The Redistricting Commission said that “At its monthly meeting in Olympia, on September 13, 2011, the Commissioners will each make public their proposed plans for congressional and legislative districts. The meeting begins at 10 a.m. in Senate Hearing Room 1 of the Cherberg Building on the Capitol Campus. A brief period of public comment and a time for media questions will follow the Commissioners’ presentation of their draft plans. The meeting will be webcast and broadcast live by TVW, the state’s non-profit public affairs television network.”
The commissioners will be allowed to not only release the maps but also talk (up to 25 minutes) about their relative virtues. Commissioner Slade Gorton, for one, has already said he plans to make use of his full 25 minutes.

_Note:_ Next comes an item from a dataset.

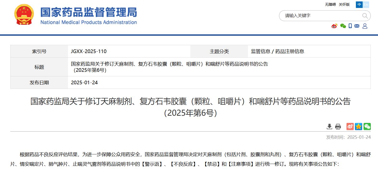 國家藥監(jiān)局關于修訂天麻制劑、復方石韋膠囊(顆粒、咀嚼片)和喘舒片等藥品說明書的公告(2025年第6號)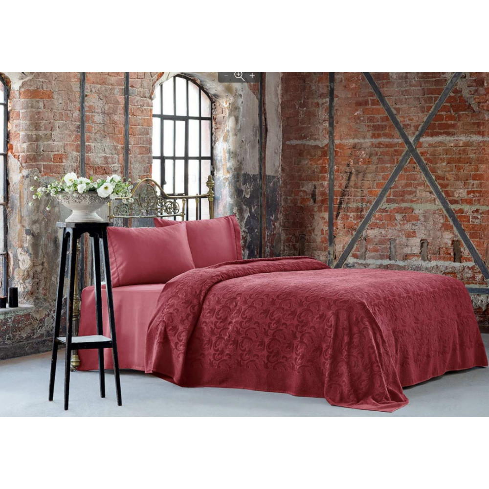 Матеріал: покривало-піке: м'який жакардовий велюр (100% бавовна); простирадла та наволочки: сатин люкс (100% бавовна). Жакардове покривало Tivolyo Home BAROC дуже затишне: рельєфний м'який жакардовий візерунок у вигляді завитків, на це покривало хочеться прилягти або просто провести рукою по хитромудрих вигинах візерунка. У набір входять дві наволочки із сатину розміром 50х70 см., прикрашені стильною тонкою стрічкою, а також простирадла. Постільні приналежності виробництва турецької марки Tivolyo Home відрізняються високою якістю та ексклюзивним дизайном. Переваги моделі: Не жарка – чудово підходить для використання в літній період. М'яке - дарує відчуття комфорту та ніжності. Легко гладиться. Відмінно пропускає повітря та забезпечує оптимальну терморегуляцію.

The commission’s spokesman, Cathy Cochrane, said the September meeting ends the initial “listening phase,” though that doesn’t mean an end to public comments. The idea is that during the next month, till the October meeting, the commissioners will take public comments on the plans (each of the four commissioners will release a congressional and legislative plan) as well as negotiate among themselves – the “negotiating phase”. Up to this point, she said, “the commissioners are being very private right now,” apparently not even much discussing planning with each other. That together with more public input on the proposed maps will be the meat of the next month’s activities.
After the October meeting, more final rounds of negotiations are expected, with the idea that end decisions will be made in November.
The plans will be posted on line, and online comments from the public can be linked to each plan.